■ Source information ■

++++++++++++++++++++

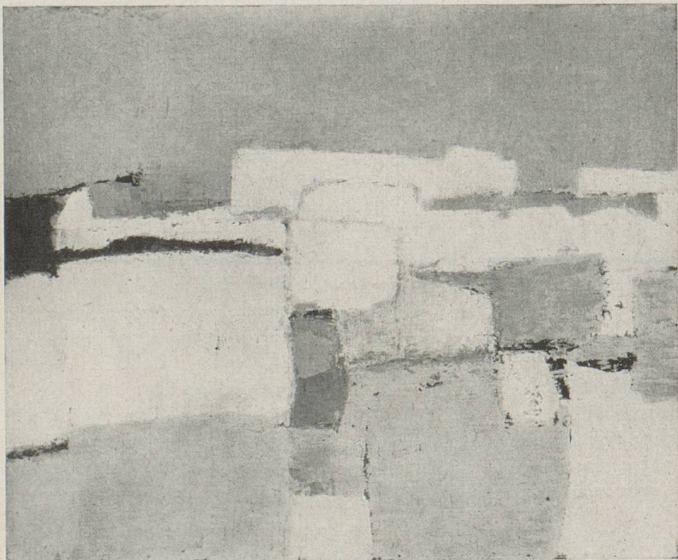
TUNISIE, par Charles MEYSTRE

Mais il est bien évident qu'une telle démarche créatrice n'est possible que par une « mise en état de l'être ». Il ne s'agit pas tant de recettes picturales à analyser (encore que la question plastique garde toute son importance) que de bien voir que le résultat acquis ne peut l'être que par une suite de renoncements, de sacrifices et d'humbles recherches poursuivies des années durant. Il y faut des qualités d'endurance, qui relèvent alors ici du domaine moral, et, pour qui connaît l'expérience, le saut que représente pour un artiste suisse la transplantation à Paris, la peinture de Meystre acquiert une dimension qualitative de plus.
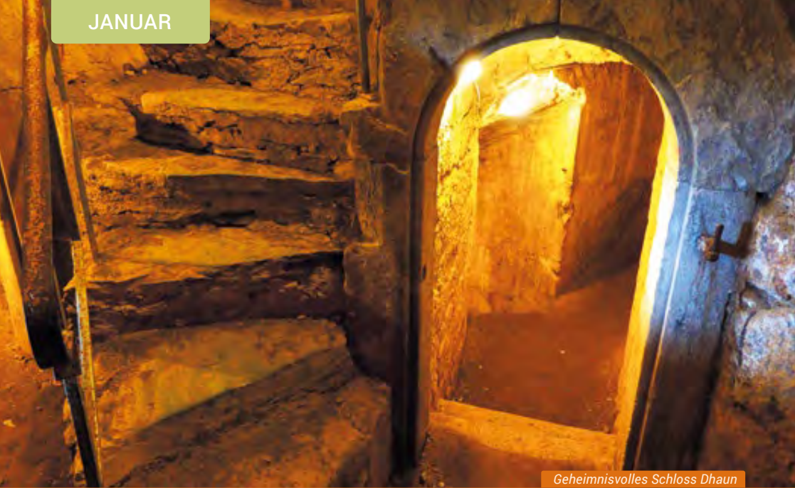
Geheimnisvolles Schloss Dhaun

++++++++++++++++++++

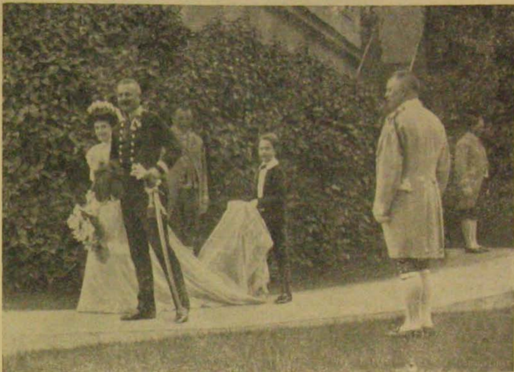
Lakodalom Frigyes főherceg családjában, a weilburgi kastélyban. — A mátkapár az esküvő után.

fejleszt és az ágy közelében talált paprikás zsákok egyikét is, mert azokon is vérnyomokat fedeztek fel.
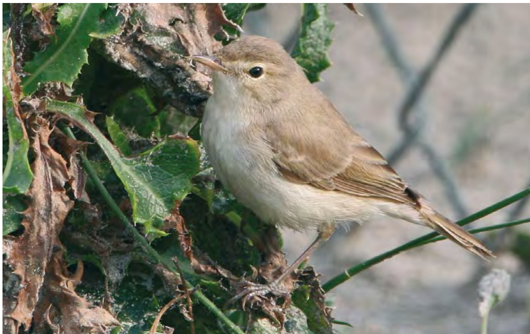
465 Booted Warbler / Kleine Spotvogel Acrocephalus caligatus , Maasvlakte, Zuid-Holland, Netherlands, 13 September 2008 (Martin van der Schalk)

++++++++++++++++++++

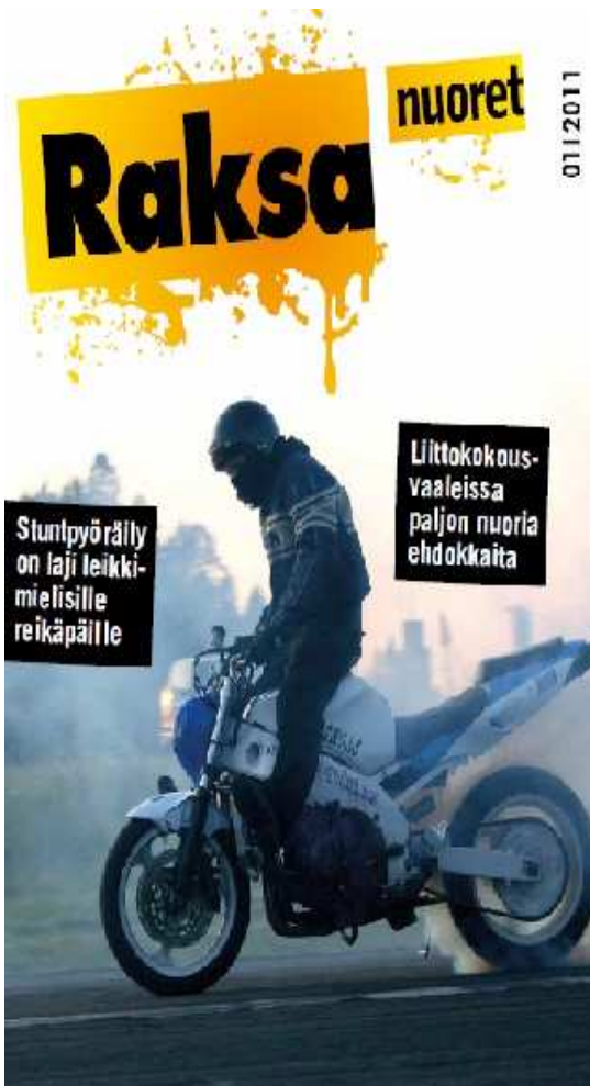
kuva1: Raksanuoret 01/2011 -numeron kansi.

++++++++++++++++++++

■ Exercise instructions ■
Each line above starting at the one holding "Lakodalom Frigyes főherceg" and ending at the one holding "465 Booted Warbler" should be set down exactly as it stands, both ends included, with no pictures.

■ Written solution ■
Lakodalom Frigyes főherceg családjában, a weilburgi kastélyban. — A mátkapár az esküvő után.

fejleszt és az ágy közelében talált paprikás zsákok egyikét is, mert azokon is vérnyomokat fedeztek fel.
465 Booted Warbler / Kleine Spotvogel Acrocephalus caligatus , Maasvlakte, Zuid-Holland, Netherlands, 13 September 2008 (Martin van der Schalk)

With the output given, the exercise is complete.